Exercise prompt -
The material below should be copied line for line, please, with pictures omitted.

Collected material -
"""

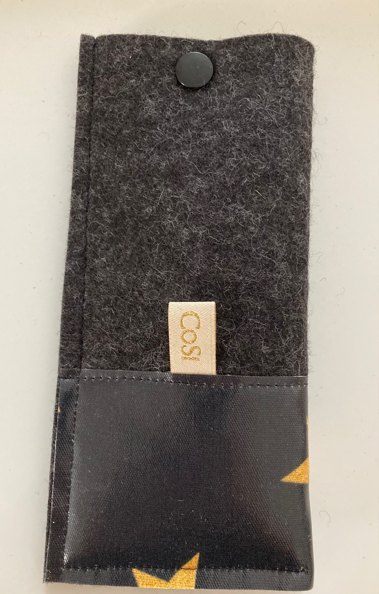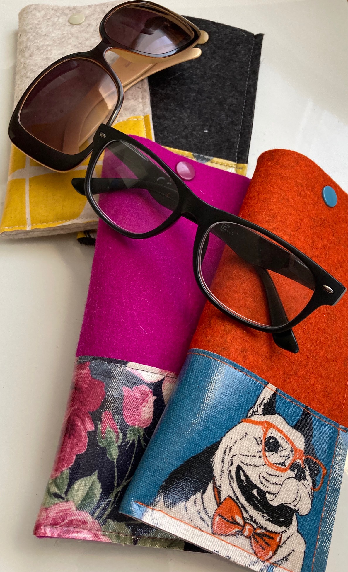 Brillenetui aus Wollfilz und Wachstuch
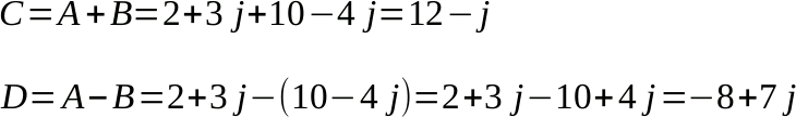 Come per tutti i numeri, dobbiamo capire come eseguire le quattro operazioni (nota 2). Come linea generale, è sufficiente trattare un numero complesso come un binomio e seguire le solite regole dell'algebra. Vediamo qualche esempio relativi ai due numeri:
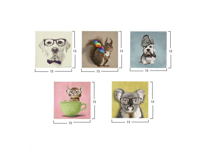 Διακοσμητικός πεντάπτυχος πίνακας σε τυπωμένο mdf σε σχέδιο clever pets.
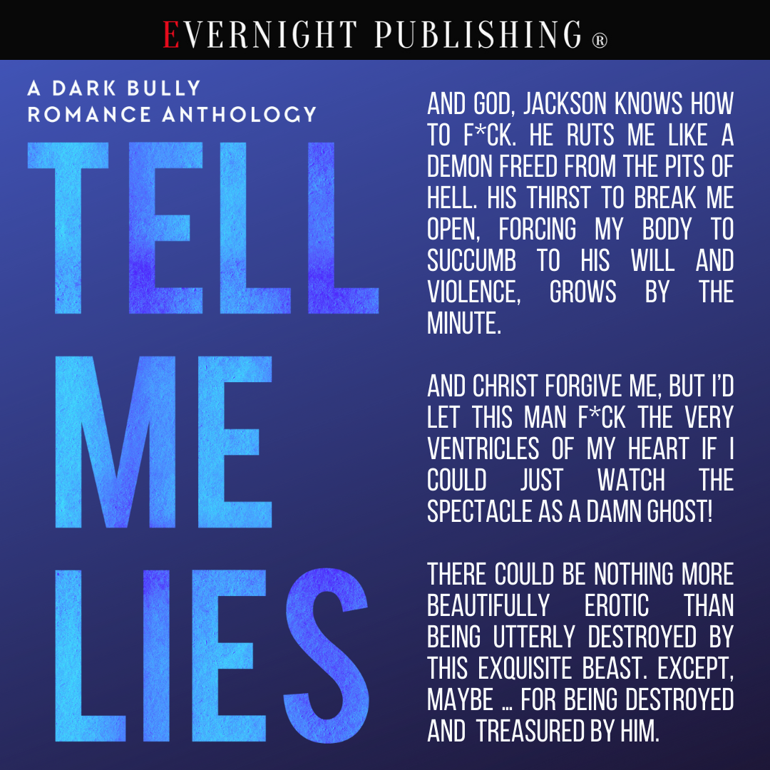 If you believe in live and let live, and love is love, then this beautiful anthology of dark bully romance from Evernight Publishing is for YOU! TELL ME LIES: MANLOVE EDITION is an exclusive publication featuring just four talented authors, and I can’t even tell you how proud I am to be the headliner! My novella “Red Light Rivals” is one of my all time favourites I’ve ever written and I hope you’ll love it too! So, don’t wait. Grab your copy of this New Release while it’s HOT!

"""

Written response -
 Brillenetui aus Wollfilz und Wachstuch
 Come per tutti i numeri, dobbiamo capire come eseguire le quattro operazioni (nota 2). Come linea generale, è sufficiente trattare un numero complesso come un binomio e seguire le solite regole dell'algebra. Vediamo qualche esempio relativi ai due numeri:
 Διακοσμητικός πεντάπτυχος πίνακας σε τυπωμένο mdf σε σχέδιο clever pets.
 If you believe in live and let live, and love is love, then this beautiful anthology of dark bully romance from Evernight Publishing is for YOU! TELL ME LIES: MANLOVE EDITION is an exclusive publication featuring just four talented authors, and I can’t even tell you how proud I am to be the headliner! My novella “Red Light Rivals” is one of my all time favourites I’ve ever written and I hope you’ll love it too! So, don’t wait. Grab your copy of this New Release while it’s HOT!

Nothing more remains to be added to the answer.